Data provided:
◆ ◆ ◆ ◆ ◆

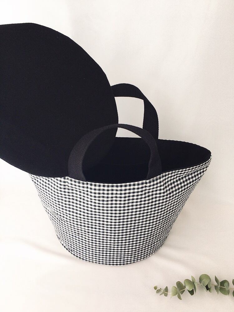 まる底トートバッグ(ブラック ギンガムチェック
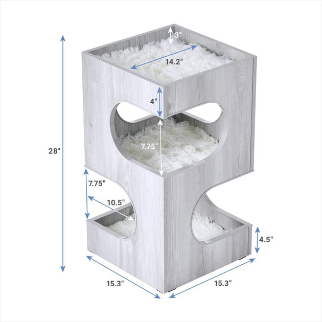 Is your kitty in the market for some prime purring real estate? This 28-inch, two-story, modern cat tree is move-in ready! Whether your kitty prefers to hang out at the โlobbyโ, the private condo or the rooftop lounge, there are so many places to chill, nap and hang out. If your cat loves keeping an eye on the action from his own private retreat, the extra-large cutout windows make for a room with a view. Add in the removable, washable cushion with luxurious eyelash โfurโ and your kitty can curl up cozy. Yes, paw-lease! Crafted with a contemporary feel in stylish white or grey wood grain, this is one cat tree youโll want to show off.
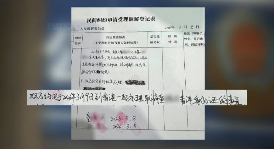 李女士丈夫在公安面前接受調解,承諾會取消香港身份證,並簽名打手指模作實。(圖片來源:TVB)
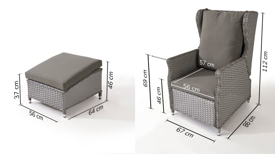 Nasz fotel uszak "Chesta" to czysty luksus! Wszechstronny mebel z linii "Classic", który dzięki swojemu eleganckiemu i ponadczasowemu designowi z pewnością zdobędzie każdego. Hydraulicznie regulowane oparcie to nie jedyny atut. Pełne, pikowane poduszki zapewniają dodatkowy komfort. Dzięki pasującemu podnóżkowi można położyć zmęczone nogi. Fotel w krótkim czasie staje się ulubionym miejscem, w którym można w pełni cieszyć się chwilą relaksu. Połączenie okrągłych i płaskich włókien rattanowych w kolorze szarym satynowym sprawia, że fotel przyciąga wzrok. Splecione na aluminiowej ramie pokrytej proszkowo, nasze meble są lekkie, a jednocześnie stabilne. Meble są wytwarzane zgodnie z naszymi specyfikacjami w tradycyjnym rzemiośle. Każdy element jest unikatowy, wszystkie części idealnie do siebie pasują. Pokrowce ochronne i zapasowe pozwalają chronić meble i umożliwiają indywidualne aranżacje. Montaż jest prosty i szybki. Fotel jest gotowy do użycia od razu, czyszczenie i pielęgnacja są bezproblemowe. Oferujemy również pasujące zestawy wypoczynkowe, zestawy do jadalni i wyspy słoneczne. Odkryj wiele innych ekskluzywnych mebli ogrodowych w naszym sklepie!
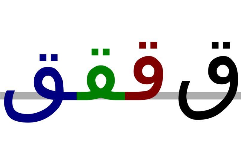 Keywords: Qaf forms with line.svg en Arabic letter qaf<br /> Black isolated form; red initial form; green medial form; blue final form<br /> Font Lucida Sans Unicode own Wickey-nl 2011-04-28 Cc-zero Arabic glyphs with baseline
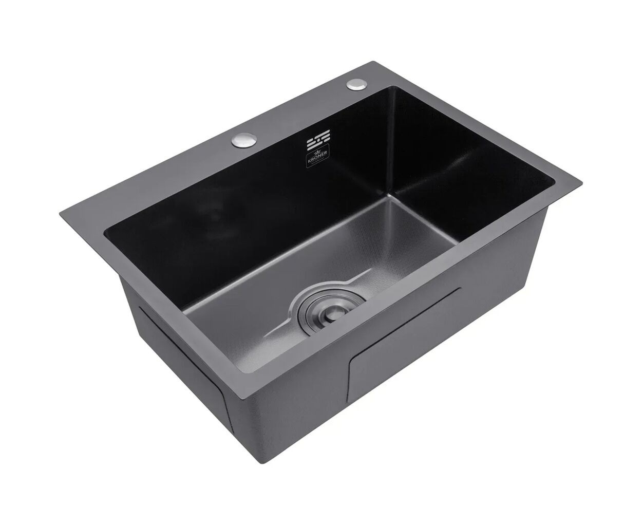 Кухонна мийка Kroner Derby KRP PVD - 5843HM - це ідеальний вибір для вашої кухні, який поєднує в собі стильний дизайн і практичність, допомагаючи вам легко виконувати всі кулінарні завдання і виглядати елегантно при цьому.
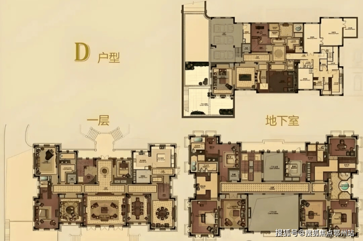 【D户型】地中海风格,1317.42㎡(地下室467.05㎡),源于十六世纪文艺复兴之宫殿设计,其风格与欧洲建筑特色融会贯通,逐渐演变,成为经典浪漫符号。
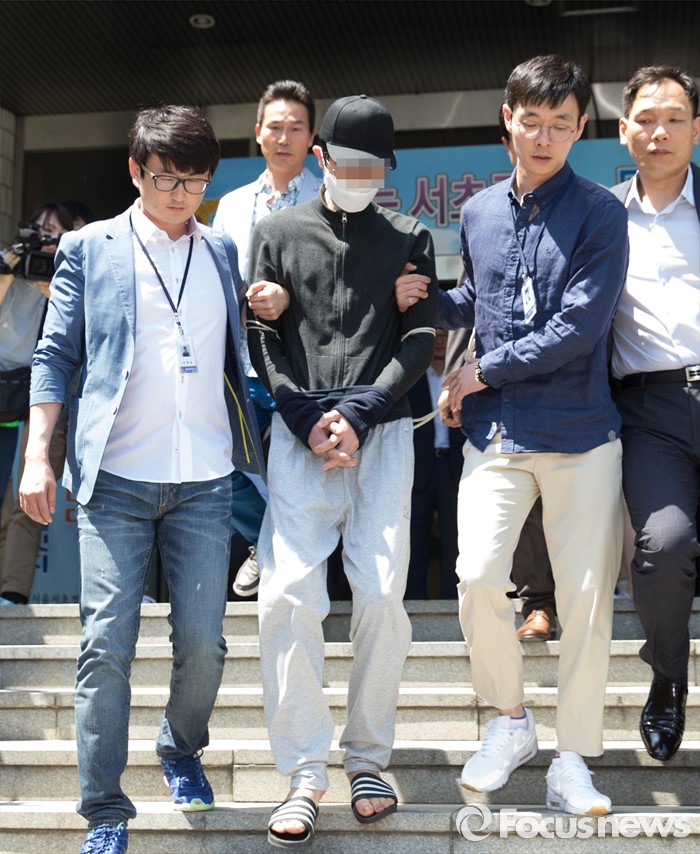 (서울=포커스뉴스) 지난 17일 서울 강남역 인근 노래방 화장실에서 직장인 A씨(23·여)를 흉기로 살해한 혐의를 받고 있는 김모(34)씨가 구속전피의자심문(영장실질심사)을 받기 위해 19일 오후 서울 서초경찰서를 나서고 있다.
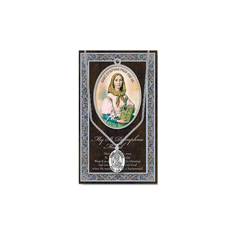 St Dymphna Pendant Medal Pewter on 18 inch Stainless Chain with Prayer
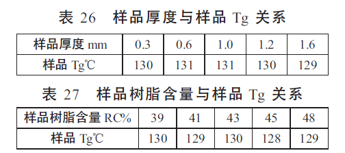 我們還考察了基板厚度, 基板樹脂含量,樣品存放時間對基板Tg 的影響情況。表26,表27 說明,不同基板厚度,不同樹脂含量,對基板的Tg 沒有什么影響(見)。但樣品存放時間對基板的Tg 有一定影響。隨著基板儲存時間延長,基板的Tg 將逐步降低。這與基板在存放過程吸濕有關。因此,覆銅板一定要做防潮包裝,特別對于高Tg 產品。
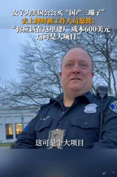 中国制造!2024年,女子为美国公公买“国产三蹦子”去上牌被工作人员怒赞:“你应
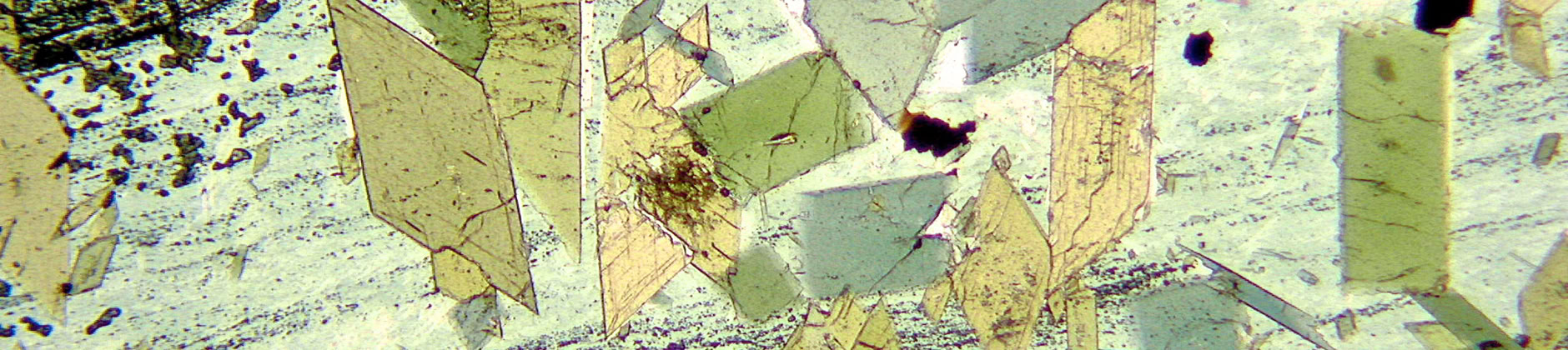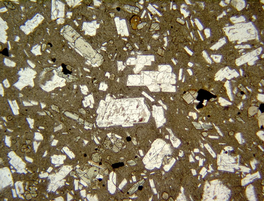 Granos automorfos de plagioclasa (incoloro) y de enstatita (verde claro) en una matriz vítrea de una roca volcánica. Luz polarizada plana.
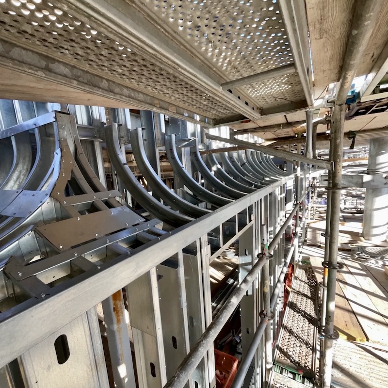 In addition to custom bent tracks, twelve gauge and up to three-inch Flange were required for some of the structural cold-formed metal framing (CFMF) assemblies.
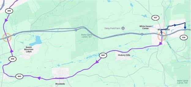 During the extended closure, passenger vehicles seeking to access I-80 east will continue to follow the posted detour route via Church Street (PA 940), Berwick Street/River Street/State Street (PA 940), and PA 534 to Exit 274. Truck traffic from the Wilkes-Barre region will remain detoured via PA 309 to Exit 262. Trucks traveling from White Haven should continue to use PA 940 and PA 309 to reach Exit 262.
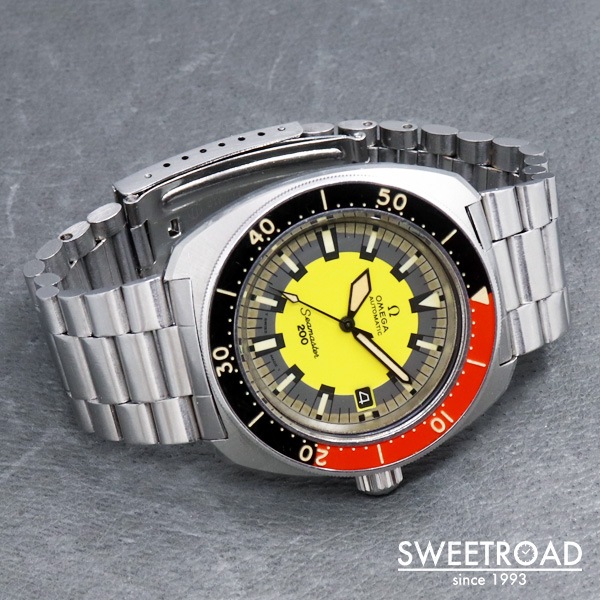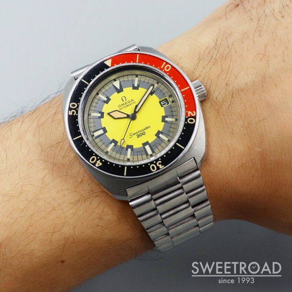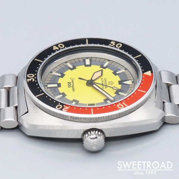 絶妙な色合いをしたイエローダイヤルと赤黒の回転ベゼルが目を引く、オメガ・シーマスター200が入荷しました。 そのルックスからマニアの間では「BANANA/バナナ」の愛称で親しまれています。 文字盤には経年によるエイジングが現れているものの、雰囲気を損ねるような過度な劣化などは見られず、バランスよく焼けた夜光と相まって非常にヴィンテージらしい顔に仕上がっています。 ケースにも経年による若干の使用感がございますが、エッジやボリューム感はしっかりと残っており、ベゼルもスムーズに可動いたします。

◆ ◆ ◆ ◆ ◆

When you reach an image, pass over it, and retype all other material exactly.

Written response:
 まる底トートバッグ(ブラック ギンガムチェック
 Is your kitty in the market for some prime purring real estate? This 28-inch, two-story, modern cat tree is move-in ready! Whether your kitty prefers to hang out at the โlobbyโ, the private condo or the rooftop lounge, there are so many places to chill, nap and hang out. If your cat loves keeping an eye on the action from his own private retreat, the extra-large cutout windows make for a room with a view. Add in the removable, washable cushion with luxurious eyelash โfurโ and your kitty can curl up cozy. Yes, paw-lease! Crafted with a contemporary feel in stylish white or grey wood grain, this is one cat tree youโll want to show off.
 李女士丈夫在公安面前接受調解,承諾會取消香港身份證,並簽名打手指模作實。(圖片來源:TVB)
 Nasz fotel uszak "Chesta" to czysty luksus! Wszechstronny mebel z linii "Classic", który dzięki swojemu eleganckiemu i ponadczasowemu designowi z pewnością zdobędzie każdego. Hydraulicznie regulowane oparcie to nie jedyny atut. Pełne, pikowane poduszki zapewniają dodatkowy komfort. Dzięki pasującemu podnóżkowi można położyć zmęczone nogi. Fotel w krótkim czasie staje się ulubionym miejscem, w którym można w pełni cieszyć się chwilą relaksu. Połączenie okrągłych i płaskich włókien rattanowych w kolorze szarym satynowym sprawia, że fotel przyciąga wzrok. Splecione na aluminiowej ramie pokrytej proszkowo, nasze meble są lekkie, a jednocześnie stabilne. Meble są wytwarzane zgodnie z naszymi specyfikacjami w tradycyjnym rzemiośle. Każdy element jest unikatowy, wszystkie części idealnie do siebie pasują. Pokrowce ochronne i zapasowe pozwalają chronić meble i umożliwiają indywidualne aranżacje. Montaż jest prosty i szybki. Fotel jest gotowy do użycia od razu, czyszczenie i pielęgnacja są bezproblemowe. Oferujemy również pasujące zestawy wypoczynkowe, zestawy do jadalni i wyspy słoneczne. Odkryj wiele innych ekskluzywnych mebli ogrodowych w naszym sklepie!
 Keywords: Qaf forms with line.svg en Arabic letter qaf<br /> Black isolated form; red initial form; green medial form; blue final form<br /> Font Lucida Sans Unicode own Wickey-nl 2011-04-28 Cc-zero Arabic glyphs with baseline
 Кухонна мийка Kroner Derby KRP PVD - 5843HM - це ідеальний вибір для вашої кухні, який поєднує в собі стильний дизайн і практичність, допомагаючи вам легко виконувати всі кулінарні завдання і виглядати елегантно при цьому.
 【D户型】地中海风格,1317.42㎡(地下室467.05㎡),源于十六世纪文艺复兴之宫殿设计,其风格与欧洲建筑特色融会贯通,逐渐演变,成为经典浪漫符号。
 (서울=포커스뉴스) 지난 17일 서울 강남역 인근 노래방 화장실에서 직장인 A씨(23·여)를 흉기로 살해한 혐의를 받고 있는 김모(34)씨가 구속전피의자심문(영장실질심사)을 받기 위해 19일 오후 서울 서초경찰서를 나서고 있다.
 St Dymphna Pendant Medal Pewter on 18 inch Stainless Chain with Prayer
 我們還考察了基板厚度, 基板樹脂含量,樣品存放時間對基板Tg 的影響情況。表26,表27 說明,不同基板厚度,不同樹脂含量,對基板的Tg 沒有什么影響(見)。但樣品存放時間對基板的Tg 有一定影響。隨著基板儲存時間延長,基板的Tg 將逐步降低。這與基板在存放過程吸濕有關。因此,覆銅板一定要做防潮包裝,特別對于高Tg 產品。
 中国制造!2024年,女子为美国公公买“国产三蹦子”去上牌被工作人员怒赞:“你应
 Granos automorfos de plagioclasa (incoloro) y de enstatita (verde claro) en una matriz vítrea de una roca volcánica. Luz polarizada plana.
 In addition to custom bent tracks, twelve gauge and up to three-inch Flange were required for some of the structural cold-formed metal framing (CFMF) assemblies.
 During the extended closure, passenger vehicles seeking to access I-80 east will continue to follow the posted detour route via Church Street (PA 940), Berwick Street/River Street/State Street (PA 940), and PA 534 to Exit 274. Truck traffic from the Wilkes-Barre region will remain detoured via PA 309 to Exit 262. Trucks traveling from White Haven should continue to use PA 940 and PA 309 to reach Exit 262.
 絶妙な色合いをしたイエローダイヤルと赤黒の回転ベゼルが目を引く、オメガ・シーマスター200が入荷しました。 そのルックスからマニアの間では「BANANA/バナナ」の愛称で親しまれています。 文字盤には経年によるエイジングが現れているものの、雰囲気を損ねるような過度な劣化などは見られず、バランスよく焼けた夜光と相まって非常にヴィンテージらしい顔に仕上がっています。 ケースにも経年による若干の使用感がございますが、エッジやボリューム感はしっかりと残っており、ベゼルもスムーズに可動いたします。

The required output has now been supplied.